Janjua Sadaf Hussain, Siddiqui Ghazanfar Farooq, Sindhu Muddassar Azam, Rashid Umer
Department of Computer Sciences, Quaid-i-Azam University, Islamabad, Pakistan.
PeerJ Comput Sci. 2021 Apr 13;7:e433. doi: 10.7717/peerj-cs.433. eCollection 2021.

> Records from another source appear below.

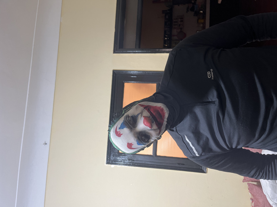 The scene depicts an interior room in Ouaouizert, Morocco. A single adult male individual is prominently featured, positioned from the mid-torso upward, with his head tilted slightly to the left. He wears theatrical face paint, characterized by a white base covering his face, a broad red smile extending from his mouth, a red circular nose, and blue diamond shapes applied above and below his eyes. Green hair is visible on his scalp. He is dressed in a black, long-sleeved athletic shirt with a quarter-zip collar, featuring white reflective stripes on the left shoulder and a "Kalenji" brand logo on the chest. His gaze is directed forward, engaging the viewer. The background consists of plain light yellow walls with a white ceiling trim. A dark-framed window with an orange-tinted pane is visible behind the individual's left side. To his right, a dark-framed doorway opens into an adjacent, dimly lit room, where dark shelving and indistinct objects can be partially discerned, consistent with a kitchen or utility area. A light-colored fabric or cushion is visible in the lower-left foreground. A small, dark insect is present on the ceiling in the upper-center portion of the frame.
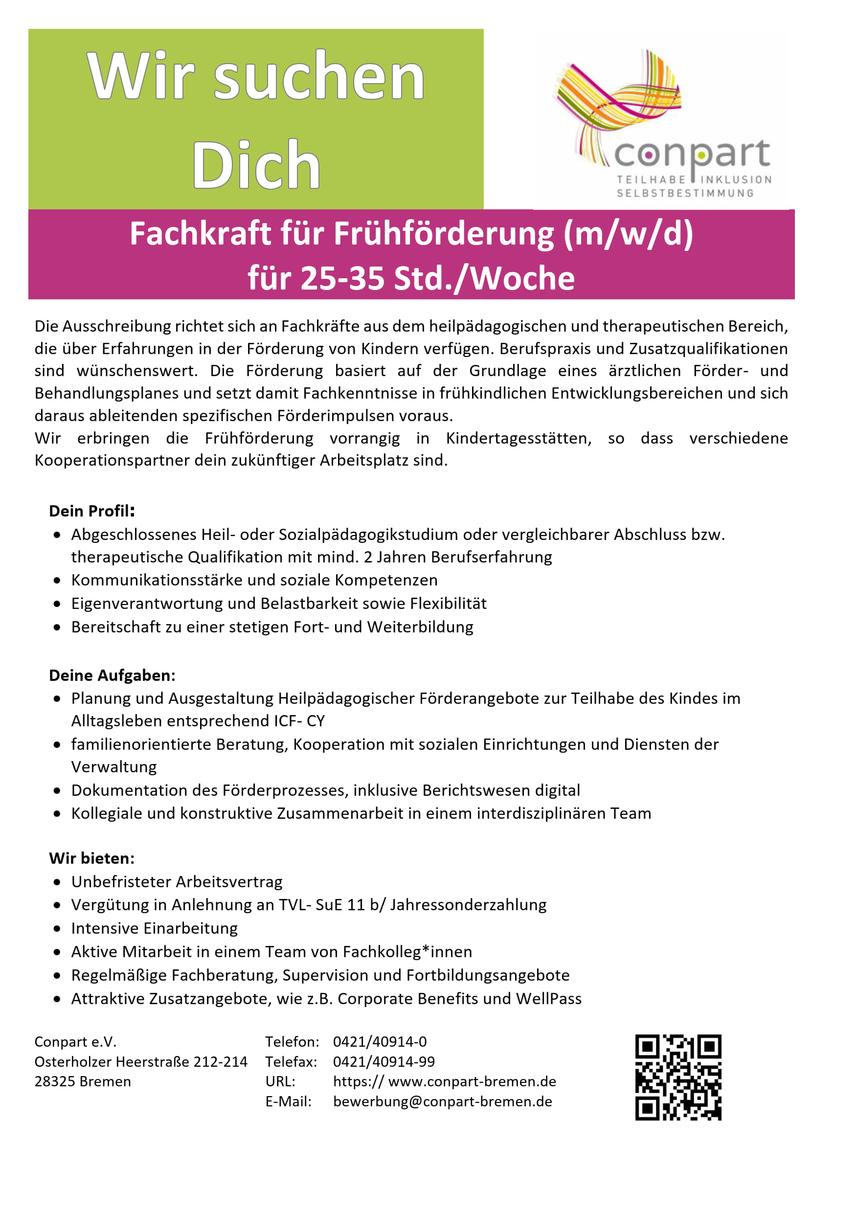 Die Ausschreibung richtet sich an Fachkräfte aus dem heilpädagogischen und therapeutischen Bereich, die über Erfahrungen in der Förderung von Kindern verfügen. Berufspraxis und Zusatzqualifikationen sind wünschenswert. Die Förderung basiert auf der Grundlage eines ärztlichen Förder- und Behandlungsplanes und setzt damit Fachkenntnisse in frühkindlichen Entwicklungsbereichen und sich daraus ableitenden spezifischen Förderimpulsen voraus.
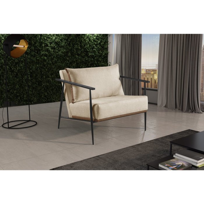 Poltrona em Linho 70cm com Estrutura de Metal Ferco Bege Claro

Social media is a vital source to produce textual data, further utilized in various research fields. It has been considered an essential foundation for organizations to get valuable data to assess the users' thoughts and opinions on a specific topic. Text classification is a procedure to assign tags to predefined classes automatically based on their contents. The aspect-based sentiment analysis to classify the text is challenging. Every work related to sentiment analysis approached this issue as the current research usually discusses the document-level and overall sentence-level analysis rather than the particularities of the sentiments. This research aims to use Twitter data to perform a finer-grained sentiment analysis at aspect-level by considering explicit and implicit aspects. This study proposes a new Multi-level Hybrid Aspect-Based Sentiment Classification (MuLeHyABSC) approach by embedding a feature ranking process with an amendment of feature selection method for Twitter and sentiment classification comprising of Artificial Neural Network; Multi-Layer Perceptron (MLP) is used to attain improved results. In this study, different machine learning classification methods were also implemented, including Random Forest (RF), Support Vector Classifier (SVC), and seven more classifiers to compare with the proposed classification method. The implementation of the proposed hybrid method has shown better performance and the efficiency of the proposed system was validated on multiple Twitter datasets to manifest different domains. We achieved better results for all Twitter datasets used for the validation purpose of the proposed method with an accuracy of 78.99%, 84.09%, 80.38%, 82.37%, and 84.72%, respectively, compared to the baseline approaches. The proposed approach revealed that the new hybrid aspect-based text classification functionality is enhanced, and it outperformed the existing baseline methods for sentiment classification.
社交媒体是生成文本数据的重要来源,这些文本数据在各个研究领域中得到进一步利用。它被认为是组织获取有价值数据以评估用户对特定主题的想法和意见的重要基础。文本分类是一种根据文本内容自动为预定义类别分配标签的过程。基于方面的情感分析对文本进行分类具有挑战性。与情感分析相关的每项工作都将此问题视为当前研究通常讨论的文档级和整体句子级分析,而不是情感的特殊性。本研究旨在通过考虑显式和隐式方面,利用推特数据在方面级别进行更细粒度的情感分析。本研究提出了一种新的基于多级别混合方面的情感分类(MuLeHyABSC)方法,通过嵌入特征排序过程并修正推特的特征选择方法以及由人工神经网络组成的情感分类;使用多层感知器(MLP)以获得更好的结果。在本研究中,还实施了不同的机器学习分类方法,包括随机森林(RF)、支持向量分类器(SVC)以及其他七种分类器,以与所提出的分类方法进行比较。所提出的混合方法的实施显示出更好的性能,并且所提出系统的效率在多个推特数据集上得到验证,以体现不同领域。与基线方法相比,我们在所使用的用于验证所提出方法的所有推特数据集上分别取得了更好的结果,准确率分别为78.99%、84.09%、80.38%、82.37%和84.72%。所提出的方法表明,新的基于混合方面的文本分类功能得到了增强,并且在情感分类方面优于现有的基线方法。